# How to complete this task
In the copy, keep every record exact and leave out all images.

***** Input records

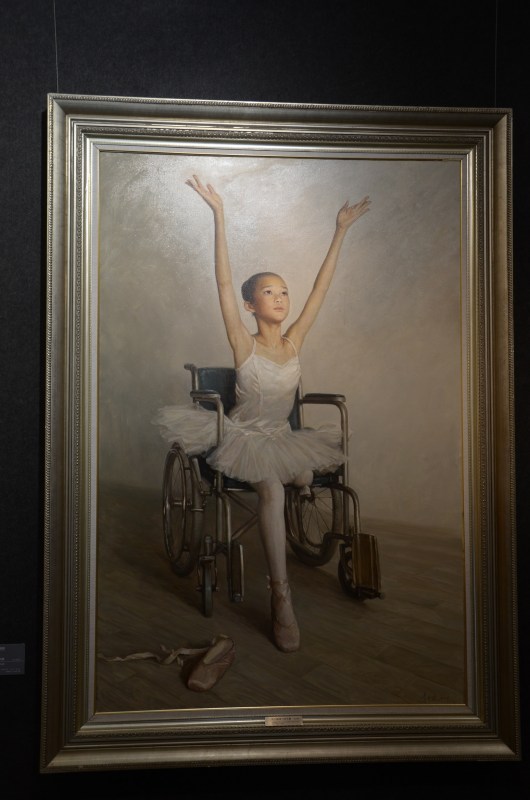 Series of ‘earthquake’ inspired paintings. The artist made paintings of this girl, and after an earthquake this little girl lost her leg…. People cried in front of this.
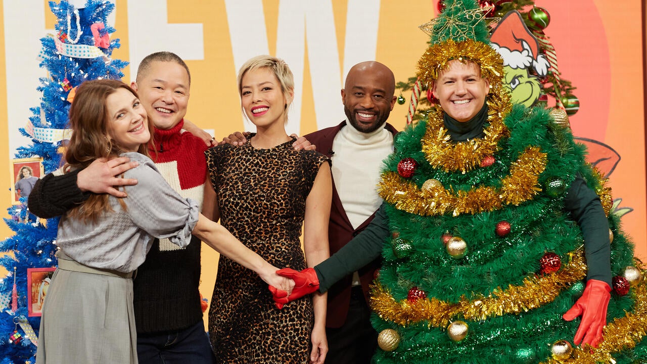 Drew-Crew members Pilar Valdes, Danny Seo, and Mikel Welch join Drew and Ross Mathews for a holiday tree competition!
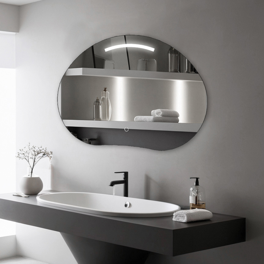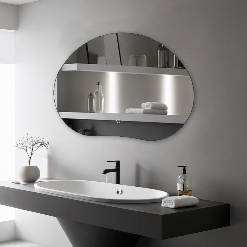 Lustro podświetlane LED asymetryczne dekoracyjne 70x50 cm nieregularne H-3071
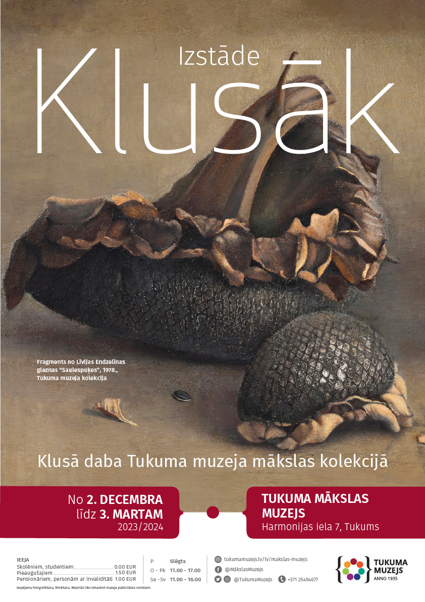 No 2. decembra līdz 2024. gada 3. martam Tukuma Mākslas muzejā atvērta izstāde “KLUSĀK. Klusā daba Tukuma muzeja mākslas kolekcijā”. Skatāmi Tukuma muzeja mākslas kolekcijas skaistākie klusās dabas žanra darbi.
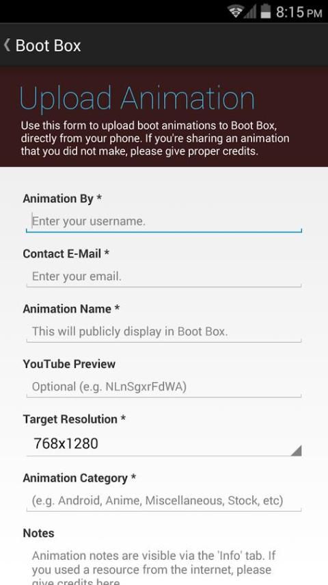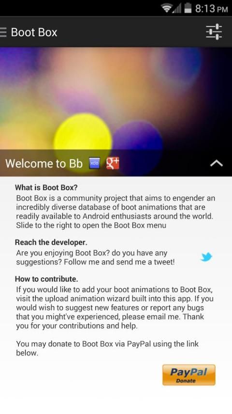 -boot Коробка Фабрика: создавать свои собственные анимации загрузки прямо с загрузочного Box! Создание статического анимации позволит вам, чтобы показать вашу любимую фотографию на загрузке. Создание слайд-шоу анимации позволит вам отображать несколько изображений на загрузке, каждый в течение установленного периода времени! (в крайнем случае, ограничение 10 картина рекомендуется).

**********

# Solution below
 Series of ‘earthquake’ inspired paintings. The artist made paintings of this girl, and after an earthquake this little girl lost her leg…. People cried in front of this.
 Drew-Crew members Pilar Valdes, Danny Seo, and Mikel Welch join Drew and Ross Mathews for a holiday tree competition!
 Lustro podświetlane LED asymetryczne dekoracyjne 70x50 cm nieregularne H-3071
 No 2. decembra līdz 2024. gada 3. martam Tukuma Mākslas muzejā atvērta izstāde “KLUSĀK. Klusā daba Tukuma muzeja mākslas kolekcijā”. Skatāmi Tukuma muzeja mākslas kolekcijas skaistākie klusās dabas žanra darbi.
 -boot Коробка Фабрика: создавать свои собственные анимации загрузки прямо с загрузочного Box! Создание статического анимации позволит вам, чтобы показать вашу любимую фотографию на загрузке. Создание слайд-шоу анимации позволит вам отображать несколько изображений на загрузке, каждый в течение установленного периода времени! (в крайнем случае, ограничение 10 картина рекомендуется).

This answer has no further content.